His best friend goes by Maggot, rather than Matthew Peggot, which Demon invented to circumvent bullies’ attempts to call Maggot by a homosexual slur. Several other male characters go by nicknames as well, including Fast Forward, Swap-Out, and Hammer Kelly. Even Demon’s foster sister adopted the name that others attempted to use against her, Angus, in place of her given name of Agnes. There is power in claiming and embodying a name.
Demon’s birth name is Damon Fields, taking his father’s first name and his mother’s last name. He worries about kids making fun of him with a name like Damon, but it doesn’t take long for his name to be transformed into “Demon” and then for kids to pair Demon with rhyming words. Once his “copper-wire hair” arrives, he is referred to as “Little Copperhead.” Eventually, the fragments merge into “Demon Copperhead,” which he admits has “got a power to it.”
Demon also hails from an area “known to be crawling with copperheads,” so his name connects him strongly to the place he was born and raised. Demon’s father went by the nickname Copperhead and sported a snake tattoo, so despite his nickname not being given to him by his parents, the title bonds him to his father. The moniker “Demon,” though, could be considered ironic. Demon is a troubled boy, but he is certainly not evil. He cares deeply for those around him, yearns for family and human connection, and dedicates himself to his interests and passions. As it turns out, having an intimidating name doesn’t protect him from abuse or judgment.
Negotiating Stereotypes
Demon grows up in rural mountainous Lee County, in Appalachian Virginia. Demon contends with stereotypical and prejudiced attitudes towards people like him, who are often branded with slurs like “hillbilly” or “redneck.” Demon asserts that “Hillbilly is a word everybody knows. Except they don’t.” He tries to deconstruct the popular culture depiction of “hillbillies,” such as on the sitcom Beverly Hillbillies, contrasting the characters’ actions of “yodeling” or “keeping pigs in the house” with the reality of life in Appalachia as he knows it.
Demon feels frustrated when comedians make jokes about “rednecks,” as though those who are the butt of the jokes can’t hear their insults. Mr. Peg, however, reclaims the term “hillbilly” with his “Hillbilly Cadillac” bumper sticker and educates Demon on how they can take the word back, use it themselves, and acquire “a superpower on accident.” If people like Demon can identify themselves with these slurs, “they can’t ever be us, or get us, and we are untouchable by their shit.” Their use of the language helps them reclaim the power over the word and its connotations.

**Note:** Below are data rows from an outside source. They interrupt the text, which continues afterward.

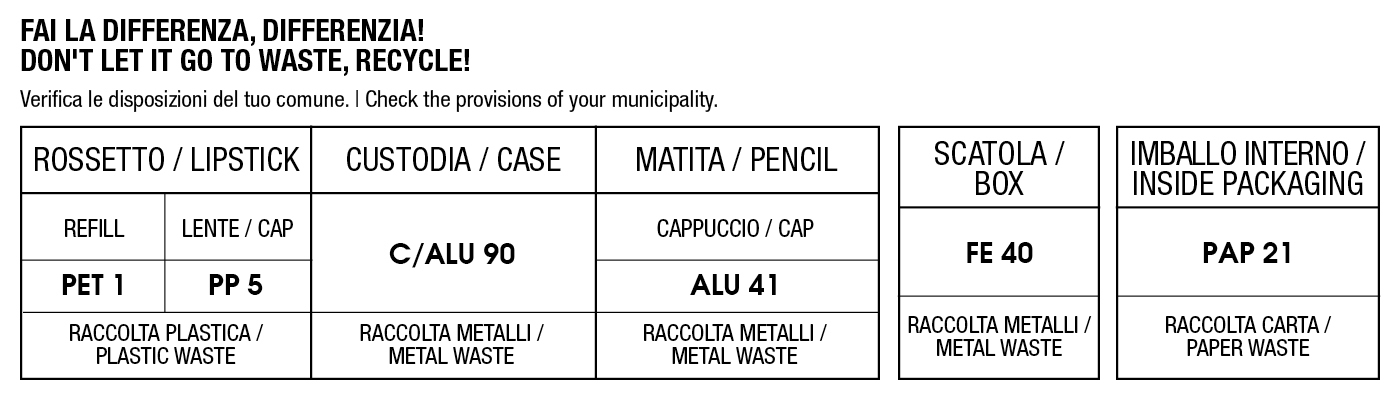 Stay on me lip liner: Matita labbra in plastica temperabile che crea un tratto preciso e straordinariamente adesivo. La sua texture cremosa ed altamente pigmentata, scorre sulle labbra garantendo un rilascio colore super intenso ed omogeneo. Una matita ultra performante e dalle prestazioni eccezionali: long lasting, water resistant e no transfer. Un “must have” nella beauty routine di ogni donna. Le matite abbracciano la sostenibilità, utilizzando una formula vegan e il corpo in Sulapac, un materiale sostenibile a base biologica.
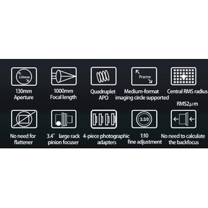 L'FF130 viene fornito con un tappo anticondensa estraibile, un tubo di alta qualità lavorato a CNC e parti decorative. L'OTA pesa 10,5 kg, mentre il pacchetto completo con anelli di sostegno e binario Losmandy pesa 12,5 kg. Il robusto focheggiatore manuale da 3,4" è dotato di un rotatore a 360° e di un attacco per cercatore. Sono inclusi anche adattatori per fotocamera M86, M68, M54 e M48. L'adattatore M48 ha una filettatura interna per l'installazione di filtri da 2".
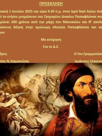 Την Κυριακή 1η Ιουνίου 2025 και ώρα 9.30 π.μ. στον Ιερό Ναό Αγίου Ανδρέα θα τελεστεί το ετήσιο μνημόσυνο του Γρηγορίου Δικαίου - Παπαφλέσσα με πρωτοβουλία όπως κάθε χρόνο του Παμμεσσηνιακού Συνδέσμου Πατρών «Ο Παπαφλέσσας».
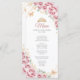 Celebração cor-de-rosa, dourada e branca da Quinceanera, programa fino de dupla face e cartão de menu. Recursos, fontes de script, borboletas douradas, rosas de aquarela e tiara. Perfeito para uma elegante celebração de glam estilo princesa. Personalize com seus próprios detalhes.
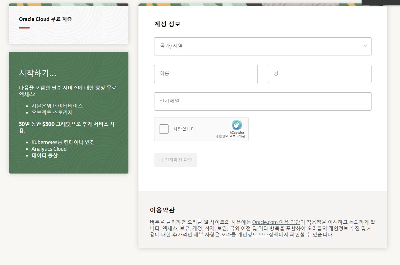 여튼 프리티어 가입 페이지에 와서 Oracle Cloud 무료 계층 뜨면 대-충 입력해 주고 내 전자메일 확인 누릅니다
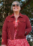 Our cotton corduroy jackets are back, and now with new and improved brass buttons, with enhanced durability, for ease of use. This one is in a warming terracotta colour. You can use the buttons to fasten the front closed or wear it open. Brass buttons also secure the cuffs, breast pockets and adjustable tabs at the back. These long sleeve jackets are made from soft cotton standard wale corduroy, that will help keep you warm. Great for layering, these jackets complete a work or play outfit. Mix and match these jackets with our corduroy skirt collection, to create a whole look.
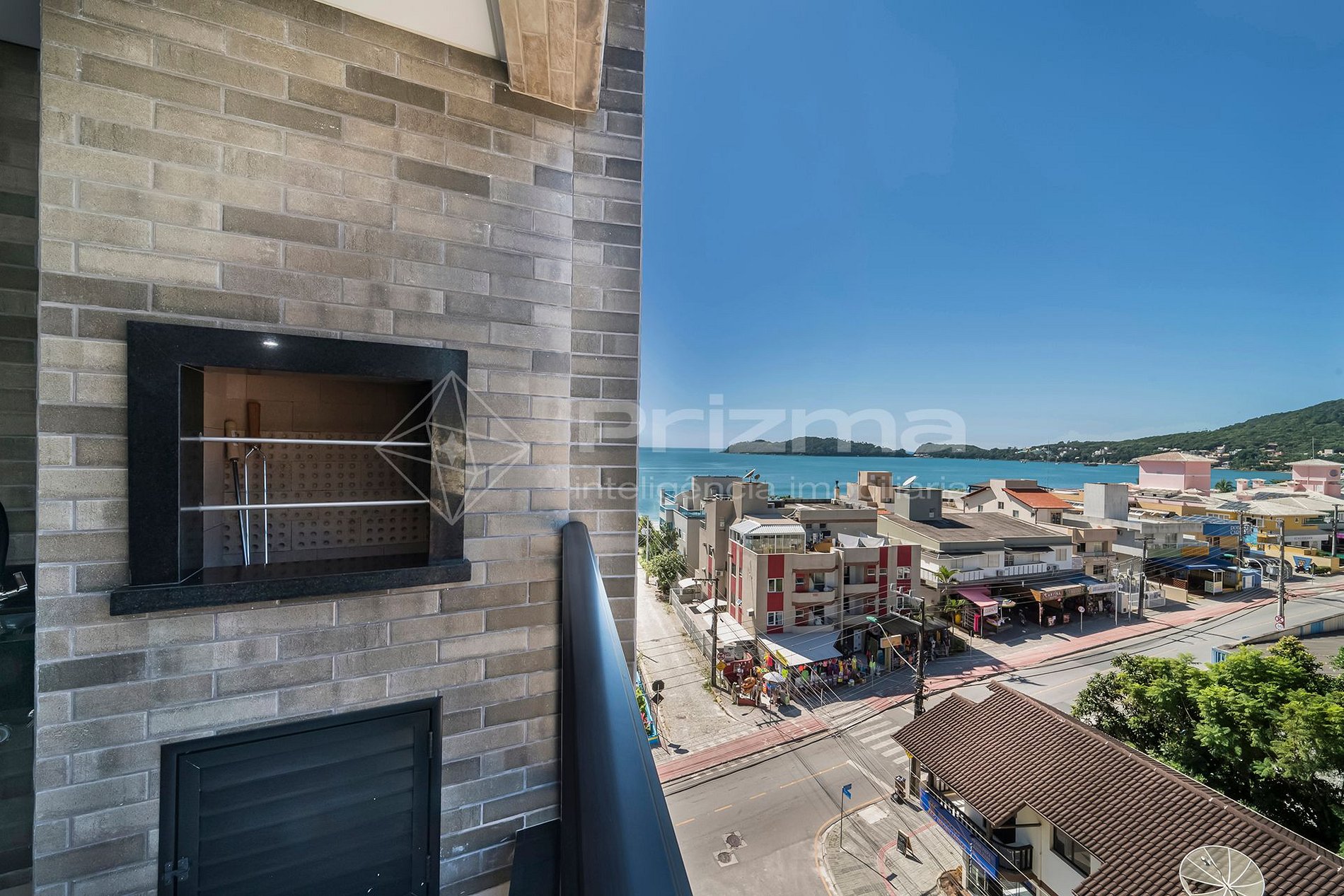 -Sacada com vista lateral para o mar e churrasqueira a carvão.
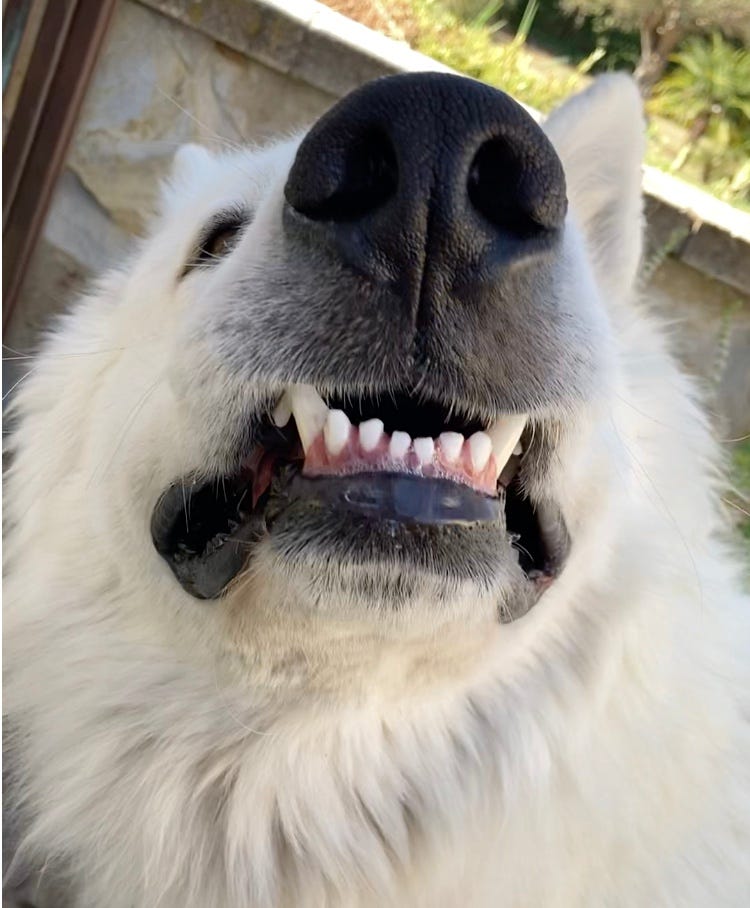 I am walking with a dog who likes to have an agenda of his own. He trots about 3 to 4 metres in front of me, off lead, slowly increasing the distance with every step. He would come if I called but I don’t mean to call him, I just want for him to pay more attention to where I want to be going without me having to ask him to perform specific behaviours. I abruptly stop. The dog notices, looks back in surprise, and I take a few swift steps into a different direction. The dog chases after me to catch up, open mouth, tongue out, eyes squinted. I want to say I joked with him: “Gotcha” or “So you think you know where we are going?” I teased him a bit by breaking his expectation that we were just going to trot on. I did, however, not mean to offer play (for instance, I was not opening a running game, in which I let the dog chase me and then turn to chase him in return, the point really was for him to follow me and not the other way around).

Demon seems to follow in Mr. Peg’s footsteps when he creates his Red Neck comic, a superhero who rights injustices in his community and common troubles of Appalachian life, like having one’s power shut off by the electric company. Supplied with the knowledge he learned from Mr. Armstrong, Demon draws “a miner, with a pick, overalls, the hard hat with the light on the front” and “a red bandanna like the old badass strikers that had their war.” The strip attracts a following, likely because the people of the community recognize themselves in this comic, unlike the hackneyed, stereotypical Stumpy Fiddles the local paper has been running, a cartoon that trafficked in details like “patched clothes” and “Old Maw nags.”
As Demon’s friend and colleague Tommy researches the history of Appalachia, he passes on his knowledge to Demon; both young men seek to understand why the absurd two-dimensional idea of their people persists in the country at large. They plan to publish a graphic novel that will expose the truth of their history and the forces that created the disadvantages of their community and the stereotypes that accompany them.
At the metafictional level, the novel itself also serves as a similar corrective to biases against the people of Appalachia and other rural communities that allowed the outside world to turn a blind eye to their suffering for so long.